Exchanging one currency for another.
Gifting another person crypto.
You only owe tax on your crypto if you’ve earnt more than the original investment or trade which includes any fees involved as well. In other words, a gain must be recognized. Crypto is also categorized as property in the US,
Tax tips for crypto investments
1. Keep track of everything. Whether this means writing entry notes or taking screenshots each time you purchase; it makes the whole process far easier. Subsequently, here’s the data you need to keep track of: Name of the cryptocurrency, date you acquired it, dates you sold / traded / swapped / disposed of it, proceeds and sales price, network fees and costs, total gain / loss, value of the cryptocurrency in fiat at the time, and software costs associated with management of your tax affairs.
2. Listing your crypto as the value after purchase costs rather than amount you bought it for will cut a bit of fat off your taxes as well.
3. Realised capital losses can be offset against gains to reduce assessable crypto income. This is called tax loss harvesting.
4. Another option is to buy crypto stocks instead, that way the stockbroker will keep track of your crypto assets for you and save any headache when it comes to tax season.
5. Eligible crypto deductions exist for costs attached to digital assets, something which opens many advantages when filing your crypto taxes as business use rather than personal use.
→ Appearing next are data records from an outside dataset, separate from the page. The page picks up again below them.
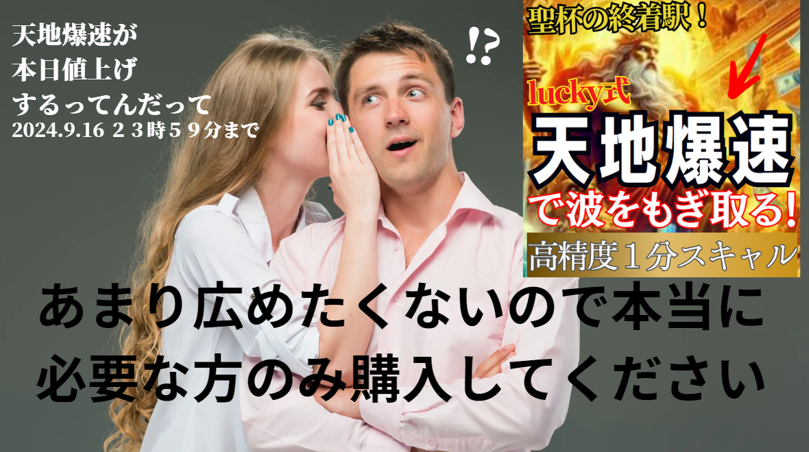「lucky式天地爆速!波をもぎ取る!月と太陽のスキャルピング」本日23時59分までのチャンス!
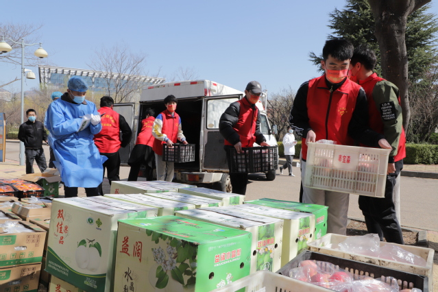 本网讯(党委宣传统战部 总务处)3月27日,西餐厅二楼青岛中快餐饮服务有限公司为在校师生免费派发了“水果大礼包”,1100多箱,5万斤。苹果、水晶梨、沃柑、香蕉4种水果,每种2个,共8个。丰富的品类让师生们切身感受到了来自学校大家庭的关爱和温暖。
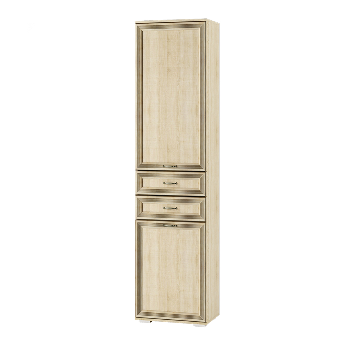 Пенальный шкаф ЛШ-3 создан в духе серии Ливорно и представляет собой высокий узкий шкаф, предназначенный для хранения различных вещей и одежды. Два закрытых створками отдела предоставляют возможность воспользоваться пенальными полками, а два выдвижных ящика посередине подойдут для малогабаритных предметов. Петли с доводчиками и бесшумные шариковые направляющие станут незаметной, но приятной деталью.
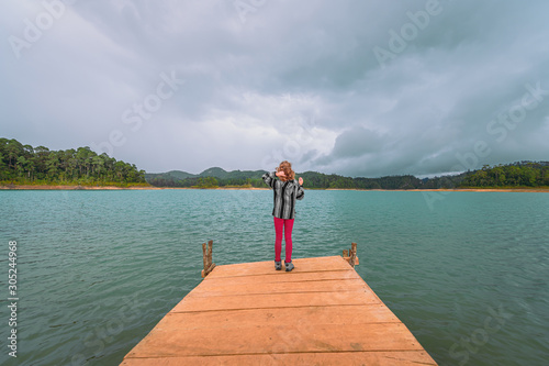Young blonde woman on a pier watching a turquoise lake and background mountains with forest
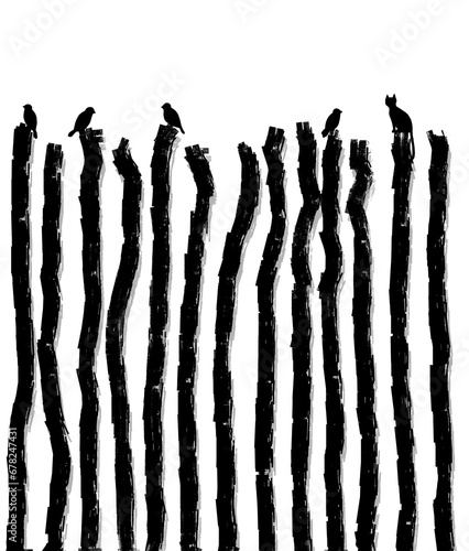 afterglow, Silhouettes of a cat and a bird sitting at the end
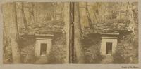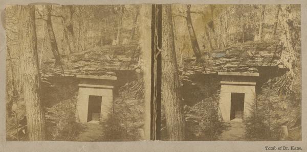 Shows the Kane family hillside vault including the remains of Philadelphia Arctic explorer Elisha Kent Kane. Laurel Hill cemetery was built 1836-1839 after the designs of John Notman.
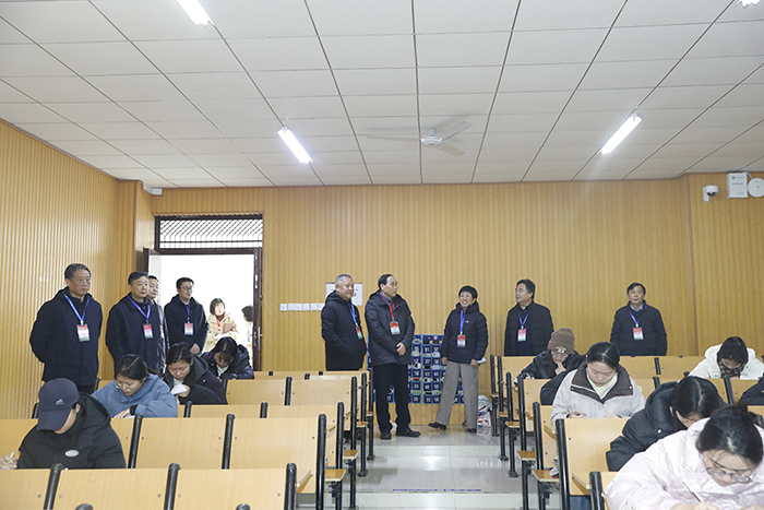 为加强考试组织管理和考风建设工作,确保考试工作顺利进行,检验本学期教学工作效果,1月9日上午,理事长高云,党委书记褚金海,校长王北生,战略发展咨询委员会主任熊健民,专职副书记施昌海,副校长王志华、王强,校长助理杨高伟、张永志等在校校领导带领相关单位负责同志,深入期末考试现场巡视检查。
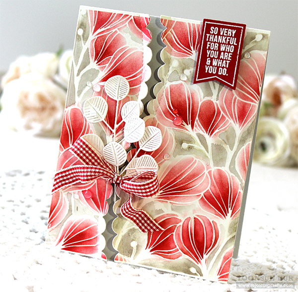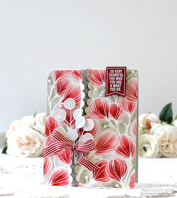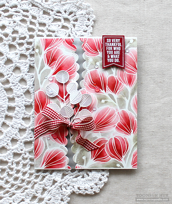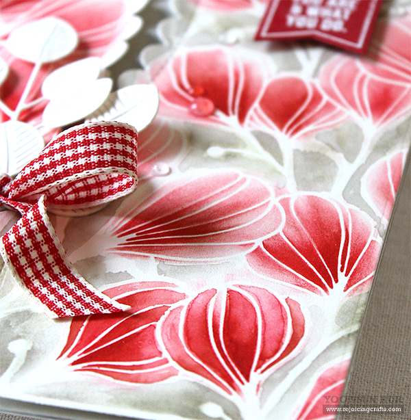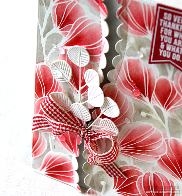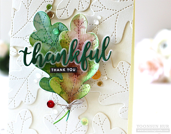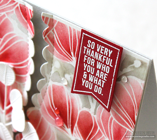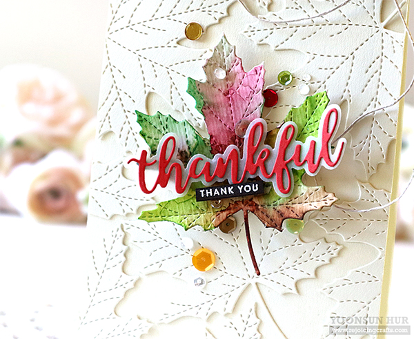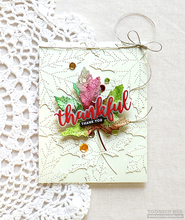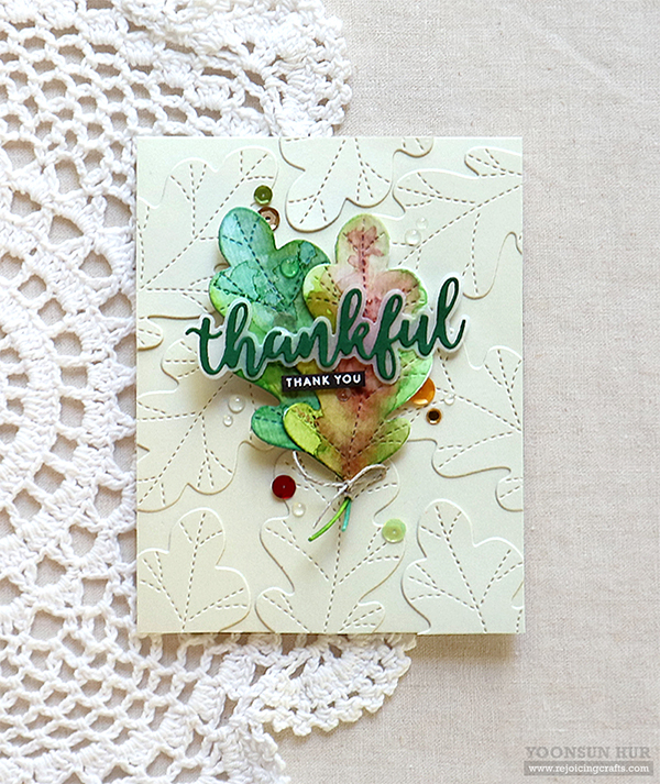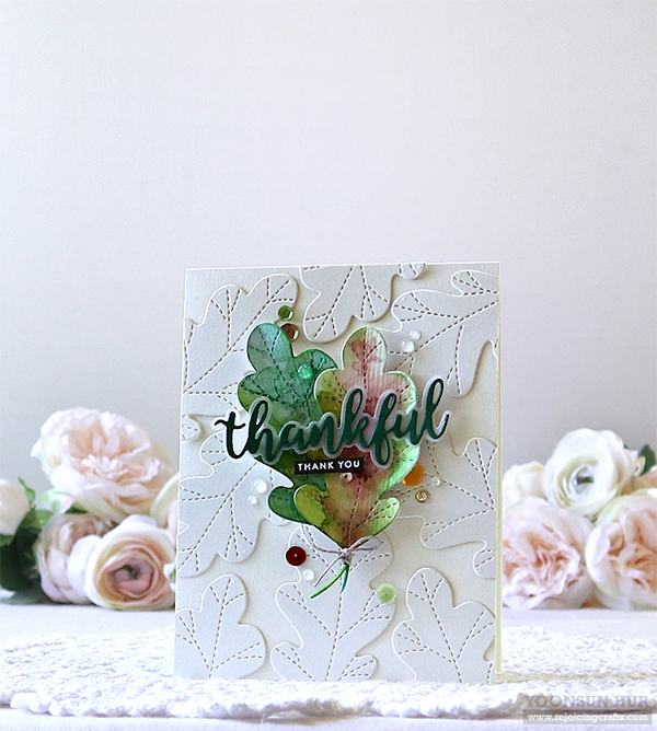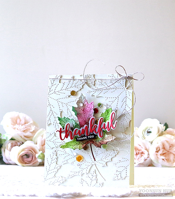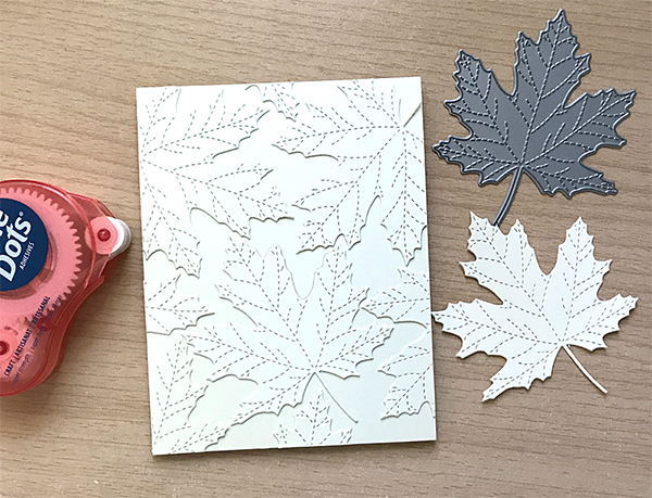 For the background of the card, I made white tone-on-tone leafy patterns. I die cut several stitched leaves from white cardstock, and then randomly adhered them on white card base using double-sided tape (as shown in the picture).
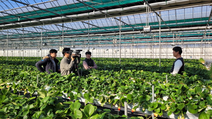 ▲ 천적 농법에 관해 소개 중인 천적 활용 딸기 농가 |
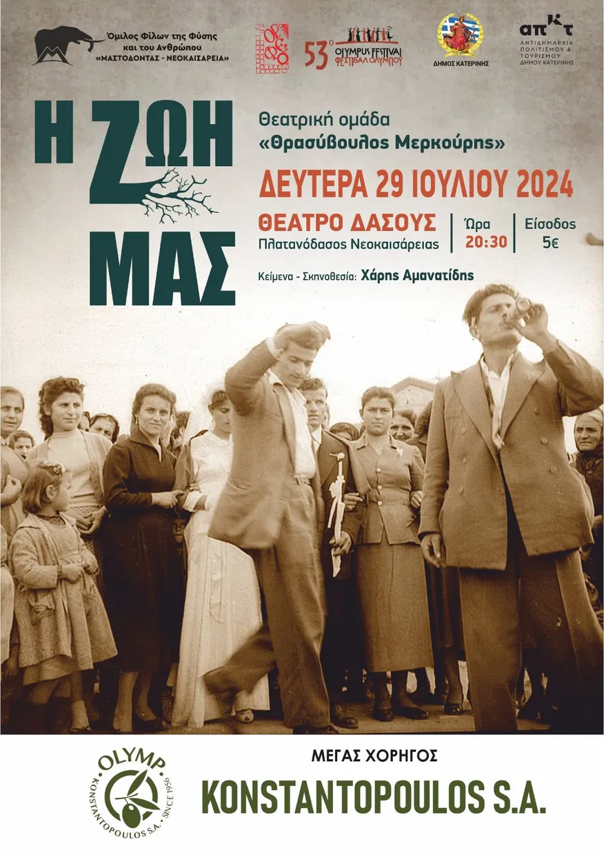 Σήμερα στο Θέατρο Δάσους – Πλατανόδασος Νεοκαισάρειας: «Η ΖΩΗ ΜΑΣ»
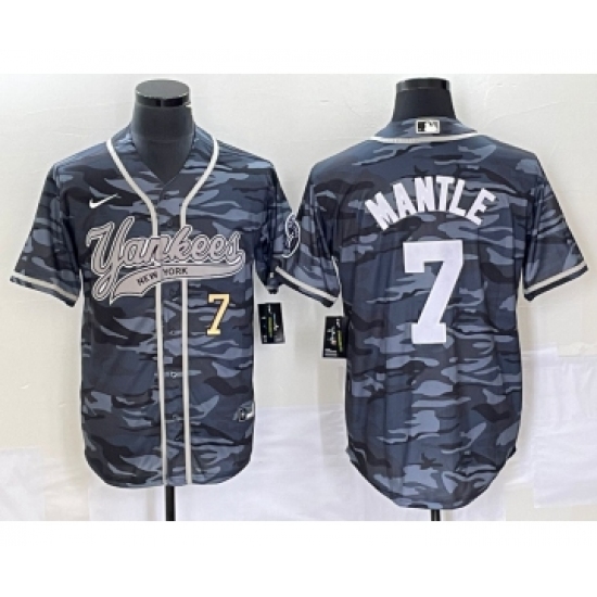 >Men's New York Yankees #7 Mickey Mantle Number Grey Camo Cool Base Stitched Baseball Jersey
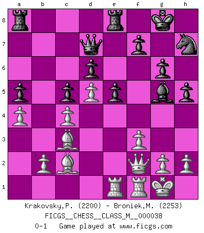 Last move : 0-1 2010 October 15 23:25:28 [Event "FICGS__CHESS__CLASS_M__000038"] [Site "FICGS"] [Date "2010.06.16"] [Round "1"] [White "Krakovsky,Peter"] [Black "Broniek,Mariusz Maciej"] [Result "0-1"] [WhiteElo "2200"] [BlackElo "2253"] 1.e4 c5 2.Nf3 d6 3.d4 cxd4 4.Nxd4 Nf6 5.Nc3 a6 6.Be3 e5 7.Nb3 Be6 8.f3 h5 9.Qd2 Nbd7 10.Nd5 Bxd5 11.exd5 Qc7 12.c4 a5 13.a4 b6 14.Bd3 Nc5 15.Nxc5 bxc5 16.O-O Be7 17.Rae1 O-O 18.Bc2 Rfe8 19.Qe2 g6 20.Bd2 Nh7 21.Qf2 Bg5 22.Bc3 Qd7 0-1 Sicilian : Najdorf, Byrne (English) attack Kingside Castling by player White (move 16) Kingside Castling by player Black (move 17) Player Black won this chess game. Follow this game move after move (download)Fischer was a master of clarity and a king of artful positioning. His opponents would see where he was going but were powerless to stop him. (Bruce Pandolfini) Frage des Reporters: -Welche besonderen Umstände rechtfertigen das Anhalten der Uhren während einer Turnierpartie? Antwort: -Einen Fotographen zu strangulieren. (Siegbert Tarrasch) La captura del Rey enemigo es la finalidad pero no el primer objetivo de la partida. (William Steinitz) Comme les marins qui ont mille raisons différentes d'aller en mer, les joueurs d'échecs en ont tout autant avant de s'installer devant une table et jouer... (Vincent Bertignac, philosophe) I take risks, sometimes patients die, but not taking risks causes more patients to die. So I guess my biggest problem is I've been cursed with the ability to do the math. (Gregory House, House M.D.)
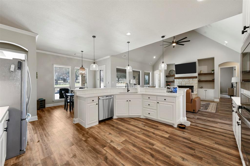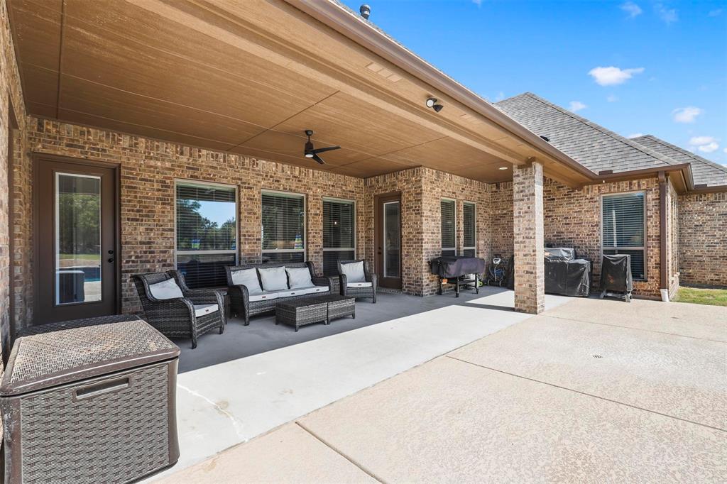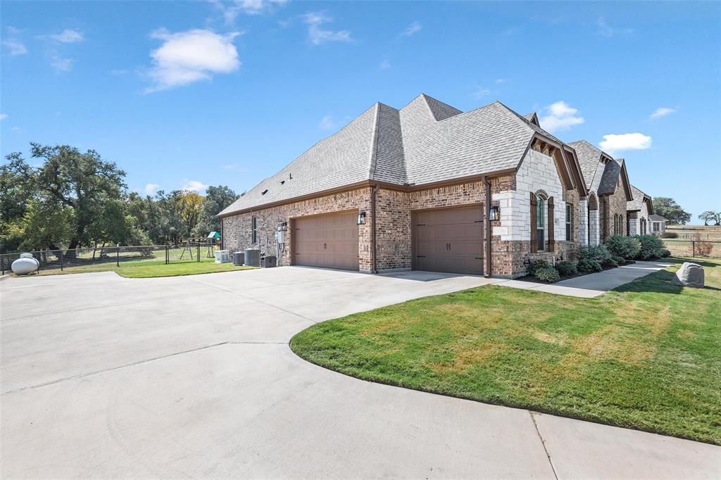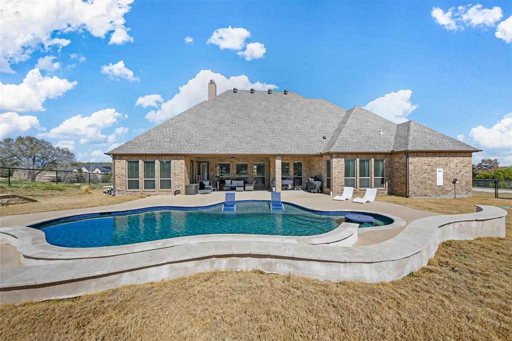 ** SPECIAL BELOW MARKET INTEREST RATE FINANCING OPTIONS AVAILABLE! UP TO $20,000 SELLER CONTRIBUTION TOWARDS BUYER'S LENDING INTEREST RATE BUY DOWN OR TOWARDS BUYER'S CLOSING COSTS. EXISTING 3.125% VA LOAN IS POTENTIALLY ASSUMABLE FOR QUALIFYING VETERANS! Beautiful brick and stone home, perfectly situated high on an elevated lot with amazing sunsets and incredible long range views. Very well kept and showing as next to new, this wonderful home has a terrific open concept floor plan of hard surfaces throughout flowing seamlessly kitchen to living to dining, the perfect layout for living and entertaining! Large living room with a soaring cathedral ceiling with wood beams and a gas fireplace in stone, flanked by built in shelving gives a sense of immediate warmth and welcoming. Chef's dream kitchen with gleaming stainless appliance suite, loads of cabinetry, miles of quartz counters, extended bar and eat in breakfast nook. A formal dining room elevates the dining experience. Primary bedroom with ensuite spa like bath of dual vanities, soaking tub and dual entry walk in shower. Large game or media room can also serve as an office area. Mud room area with built-in bench. The large covered back patio leads to the all season, heated pool in the fenced back yard. Owned propane tank serves gas cooktop, water heater, fireplace generator and pool heater. Whole home backup generator, tankless water heater, programmable irrigation system, full rain gutters and well with whole home water filtration and softener. Brock ISD.

6. Holding investments for 12 months or longer subjects the investment to long-term gains tax instead of short-term. Long-term gains tax is set at a lower rate, whereas short-term gains tax is set at your tax bracket rate.
7. Capital gains tax is usually not applicable to crypto when it is used to make bookings or purchases for personal use. This also includes crypto assets worth any amount of money purchased for less than $10,000 if it is also for personal use. Certain restrictions usually apply to this however, namely that the personal use category cannot contain investment or money-making schemes.